Patriarchat
Aus dem Gefühl heraus, minderwertig zu sein, ist die Selbstverständlichkeit geboren, sich zu nehmen, was Ihr wollt. Es ist zu einer latenten Normalität geworden, dass Ihr Eure körperliche Überlegenheit einsetzt, um eine scheinbare, fragile Machtposition zu besetzen.
Der Erste zu sein, der Stärkste zu sein, der Reichste zu sein, der Potenteste zu sein, der Schlauste, der Mächtigste… Wir Frauen haben im Laufe der Jahrtausende gelernt, dass wir körperlich zwar unterlegen sind, aber nutzen unsere Schlupflöcher, um uns in der Welt zu positionieren.
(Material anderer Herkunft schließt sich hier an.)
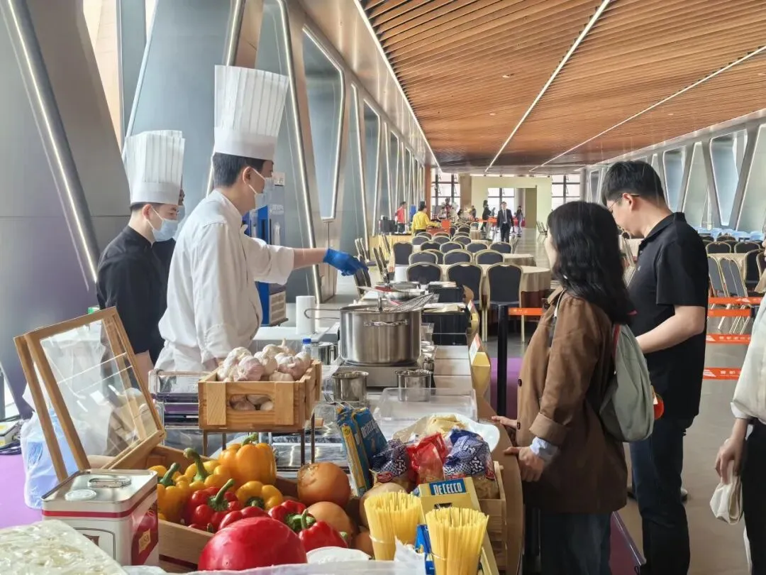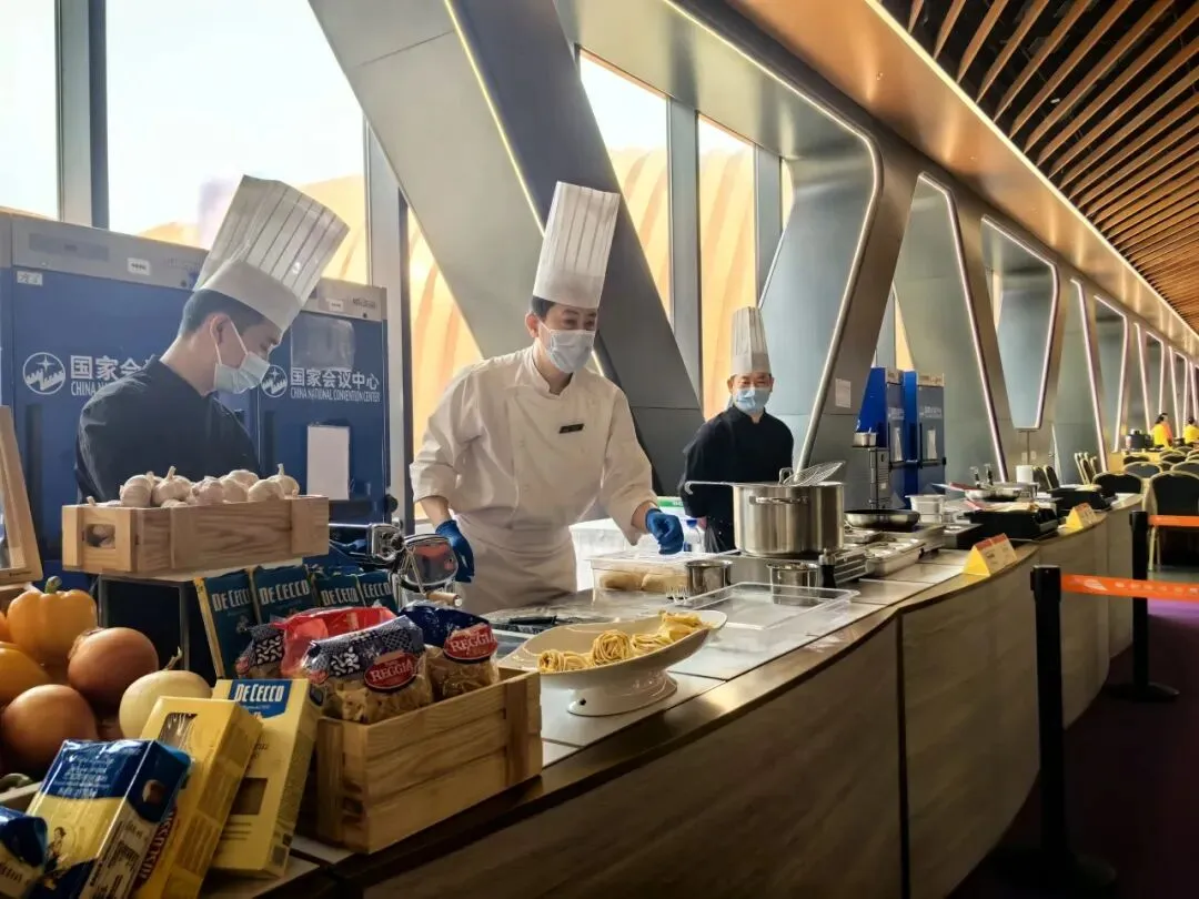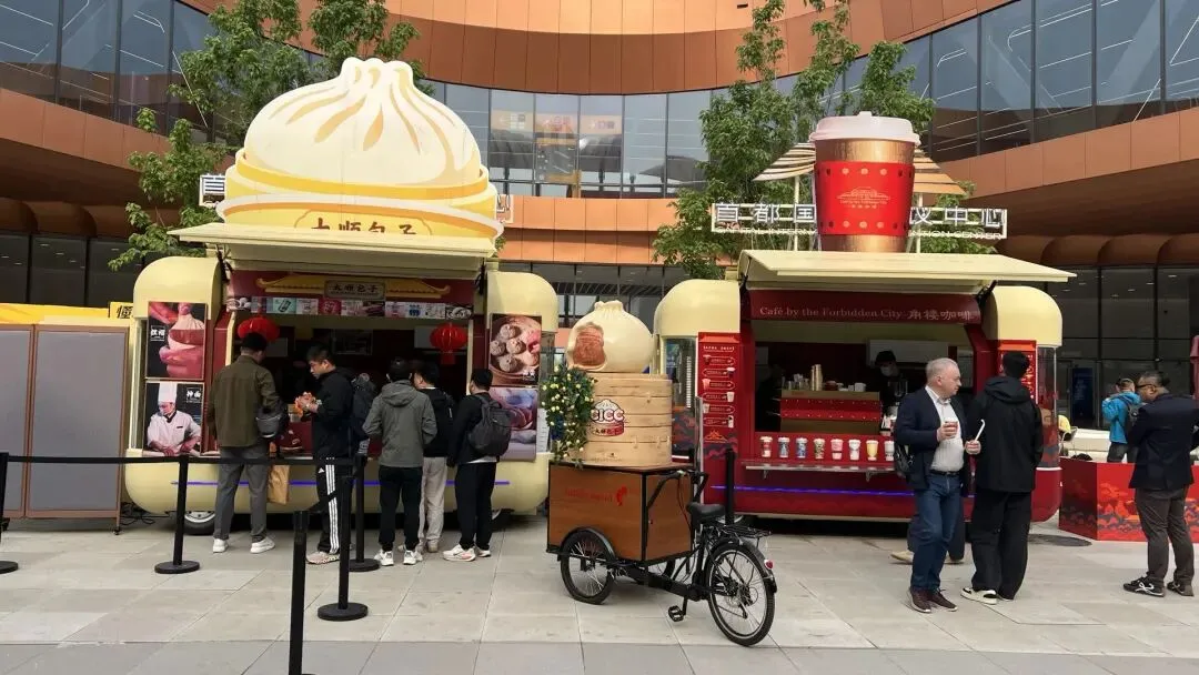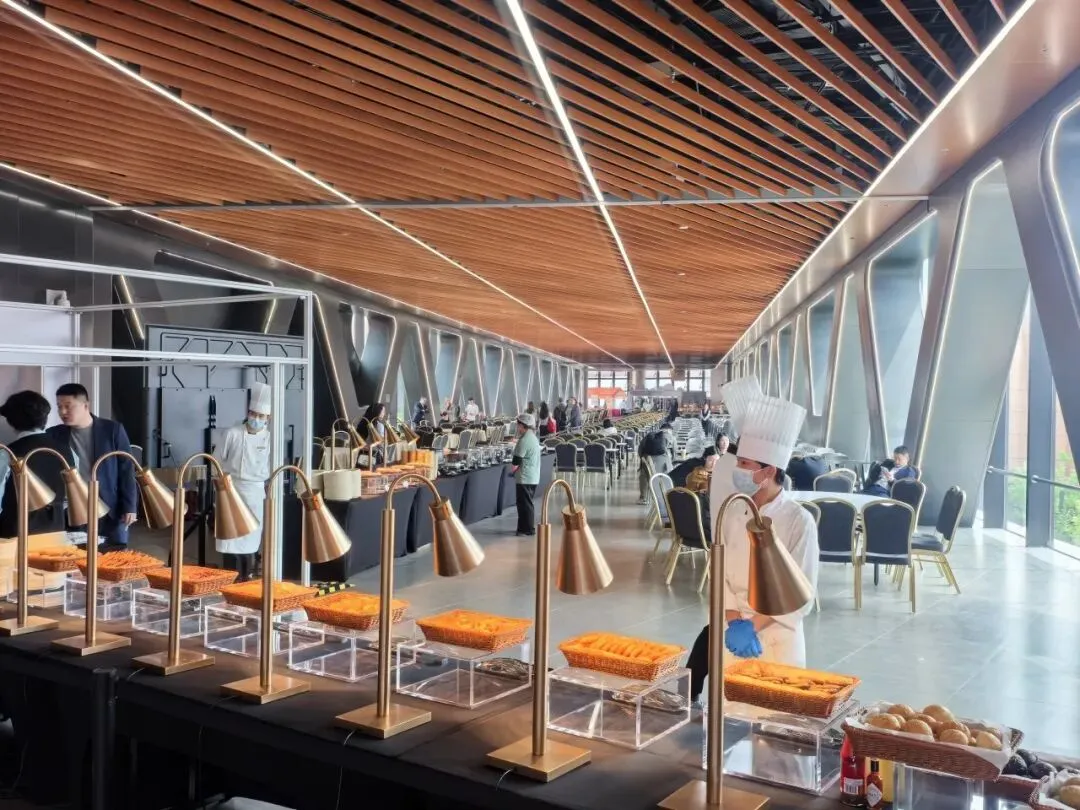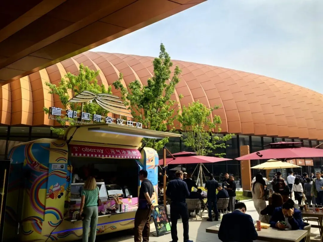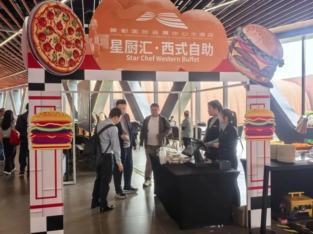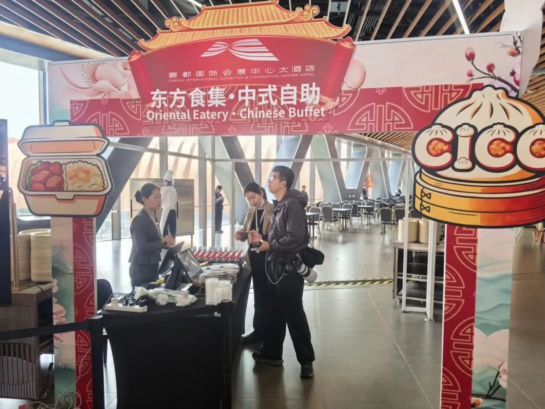 场馆内设3万余平方米餐饮美食区,从“大顺包子+咖啡”这类网红爆款的新奇搭配,到精致特色简餐、西式轻食,再到丰盛考究的中西式自助,全方位覆盖中西美食与南北风味。该区域单日最大供餐能力超5万份,可提供用餐座位6000余个;同时引入智能咖啡机器人、数字化点餐系统等科技应用,实现从“吃得饱”到“吃得好、订得快”的智能化升级。场馆中央庭院以园林式景观营造轻松惬意氛围,融合绿意、步行空间与休憩功能,搭配各具特色的快闪餐车,将网红潮流与星级品质完美结合,为参展客商带来愉悦的消费体验。此外,配套的首都国际会展中心大酒店提供410间客房、9种房型及健身、泳池等设施;场馆拥有38个不同规模厅室,配备新车全球首发厅与智能科技体验区,可一站式满足会议、论坛、商务洽谈需求,全方位彰显“北京服务”金名片的品质。

Entweder geschickt durch euch, ohne Euer Wissen, oder ohne Euch und dennoch in Angst lebend.
Wir sollen nach Eurer Ansicht nach hinnehmen… dabei stillschweigend, anmutig, immer reizvoll und demütig. Hinnehmen… welches Recht der Welt besitzt Ihr, um Euch auf eine Position zu setzen, so etwas bestimmen zu können? Ihr nehmt, Ihr erwartet, Ihr verletzt, Ihr tötet, Ihr ängstigt, Ihr demütigt, Ihr erpresst… mit einer Genugtuung, die im extremen Gegensatz dazu steht, wie Ihr selbst behandelt werden wollt, oder es akzeptieren würdet.
Auf Grund gekränktem Stolzes wurden Kriege geführt. Kriege!! Und kränkt selbst unaufhörlich den Stolz der Frauen! Hat das jemals einen Krieg ausgelöst? Nein, denn es ist Eure unangebrachte Selbstverständlichkeit.
Die Selbstverständlichkeit, die Ihr euch selbst zugewiesen habt, um nicht zu fühlen, wie viel Zweifel, Schmerz, Einsamkeit, Opfertum und Minderwertigkeit in euch steckt. Um genannte Minderwertigkeit zu überlagern, schändet ihr Körper und Seelen. Ihr stecht mit Gewalt in den Schoß einer Frau! Wie Ihr dadurch Eure eigene Schwäche darlegt, ist Euch nicht bewusst.
Das ist für mich das widerlichste Verbrechen an der Weiblichkeit!
Weil Ihr nicht in der Lage seid, euch selbst auszuhalten oder überhaupt zu halten, muss der zarte Frauenleib zerstochen und zerrissen werden.
Was für ein Hohn und himmelsschreiender Widerspruch. Denn, was Ihr eigentlich ersehnt, ist Liebe und Wärme von Mama – Schoß, Geborgenheit, Wärme.
Und genau das zerstört Ihr bei Anderen als Synonym für Eure eigenen, unzähligen Mängel.
Dann besteht in Euch die selbstgefällige Erwartung, dass Euch aus diesem Schoß ein Kind geschenkt wird, welches Euch lieben, (ver)ehren und achten soll! Achten… Achet Ihr die Mutter, die erste geschändet und dann unter Schmerzen Eurem Kind das Leben geschenkt habt? Das ist keine Achtung. Das ist Selbstverherrlichung in höchstem Maße. Und es wird etwas erwartet und gefordert, was Ihr mit Genugtuung anderen verwehrt… Wozu Ihr selbst nicht in der Lage seid.
Patriarchat fußt auf Gewalt, obwohl Ihr das Gegenteil ersehnt. Euch werden täglich dafür liebevoll die Hände entgegengestreckt. Aber sie ergreifen müsst Ihr selbst.